◆ Requirement ◆
Please copy the lines below, exactly as they are, from the one with "<tr><td>Title:ANSONIA Mantle CLOCK" through the one with "معقل عن ابن", and leave out the pictures.

◆ Dataset excerpts ◆
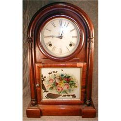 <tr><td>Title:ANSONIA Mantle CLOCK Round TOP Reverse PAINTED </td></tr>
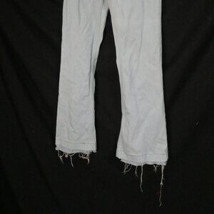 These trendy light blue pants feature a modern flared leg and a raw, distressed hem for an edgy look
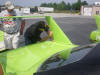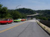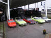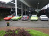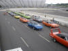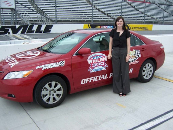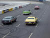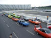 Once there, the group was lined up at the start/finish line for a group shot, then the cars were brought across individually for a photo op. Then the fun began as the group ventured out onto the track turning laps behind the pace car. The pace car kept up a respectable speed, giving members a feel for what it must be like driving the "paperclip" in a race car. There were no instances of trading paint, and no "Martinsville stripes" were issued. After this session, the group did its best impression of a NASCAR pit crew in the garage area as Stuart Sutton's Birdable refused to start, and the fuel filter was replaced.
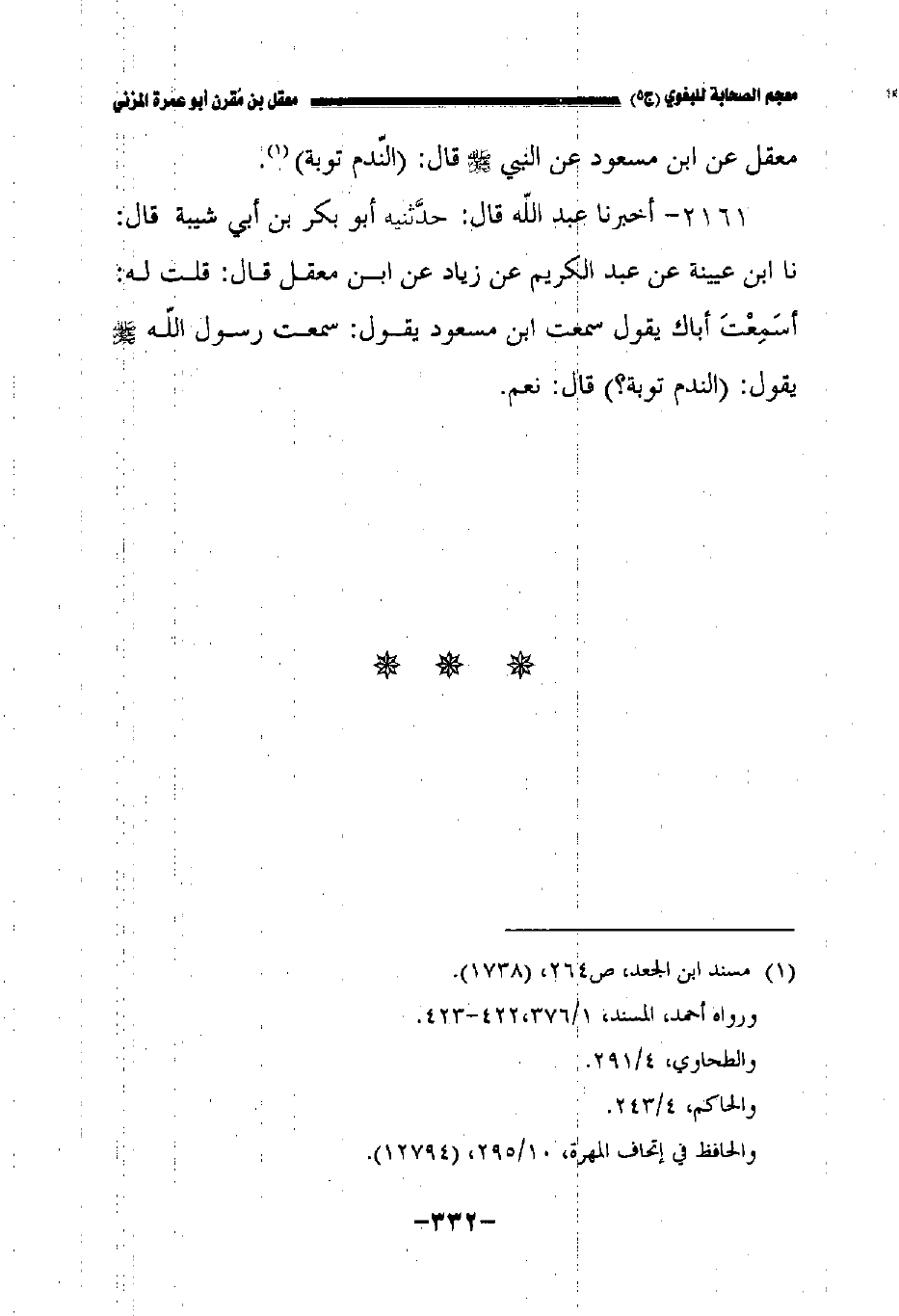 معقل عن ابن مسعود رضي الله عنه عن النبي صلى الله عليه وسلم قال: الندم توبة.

--

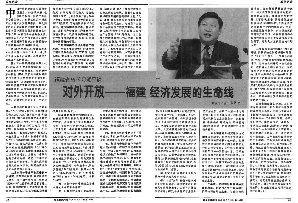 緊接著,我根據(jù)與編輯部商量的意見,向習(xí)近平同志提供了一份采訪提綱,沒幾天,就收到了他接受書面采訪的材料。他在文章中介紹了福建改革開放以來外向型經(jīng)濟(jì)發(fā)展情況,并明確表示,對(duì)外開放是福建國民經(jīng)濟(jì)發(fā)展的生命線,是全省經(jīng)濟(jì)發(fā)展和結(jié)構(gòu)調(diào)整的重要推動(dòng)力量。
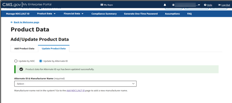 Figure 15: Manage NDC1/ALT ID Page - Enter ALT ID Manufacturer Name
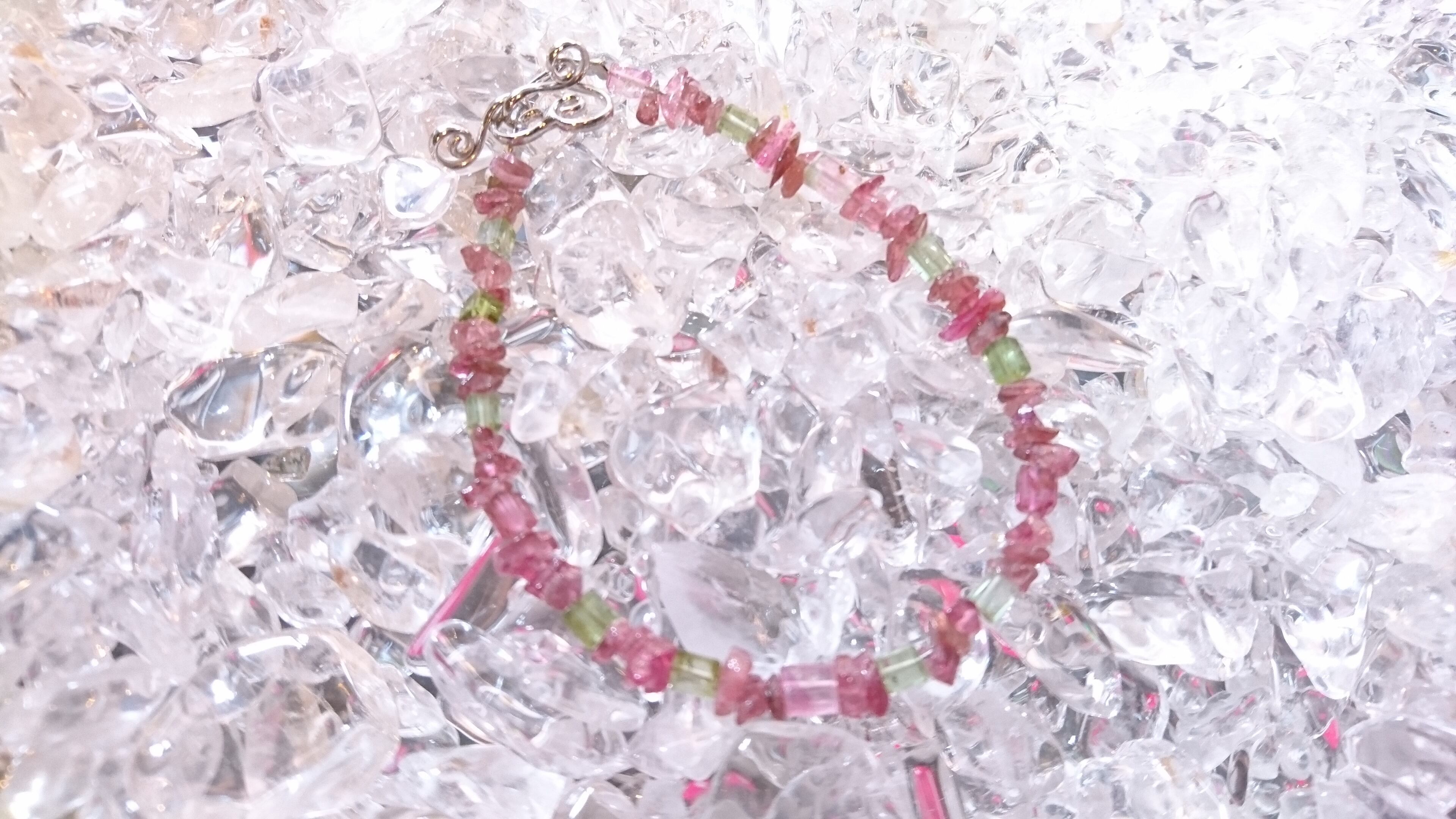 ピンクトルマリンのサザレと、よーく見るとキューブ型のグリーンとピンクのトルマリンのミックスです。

* * *

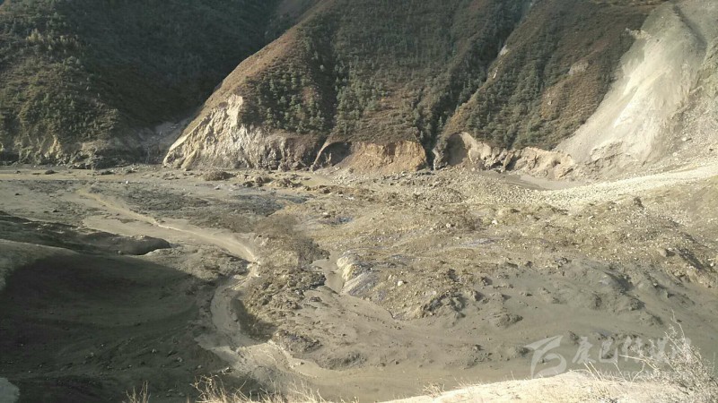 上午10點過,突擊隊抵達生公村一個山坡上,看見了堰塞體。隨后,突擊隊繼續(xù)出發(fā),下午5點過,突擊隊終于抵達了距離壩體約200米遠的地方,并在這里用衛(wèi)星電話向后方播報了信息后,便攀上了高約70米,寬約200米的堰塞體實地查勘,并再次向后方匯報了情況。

◆ Task result ◆
 <tr><td>Title:ANSONIA Mantle CLOCK Round TOP Reverse PAINTED </td></tr>
 These trendy light blue pants feature a modern flared leg and a raw, distressed hem for an edgy look
 Once there, the group was lined up at the start/finish line for a group shot, then the cars were brought across individually for a photo op. Then the fun began as the group ventured out onto the track turning laps behind the pace car. The pace car kept up a respectable speed, giving members a feel for what it must be like driving the "paperclip" in a race car. There were no instances of trading paint, and no "Martinsville stripes" were issued. After this session, the group did its best impression of a NASCAR pit crew in the garage area as Stuart Sutton's Birdable refused to start, and the fuel filter was replaced.
 معقل عن ابن مسعود رضي الله عنه عن النبي صلى الله عليه وسلم قال: الندم توبة.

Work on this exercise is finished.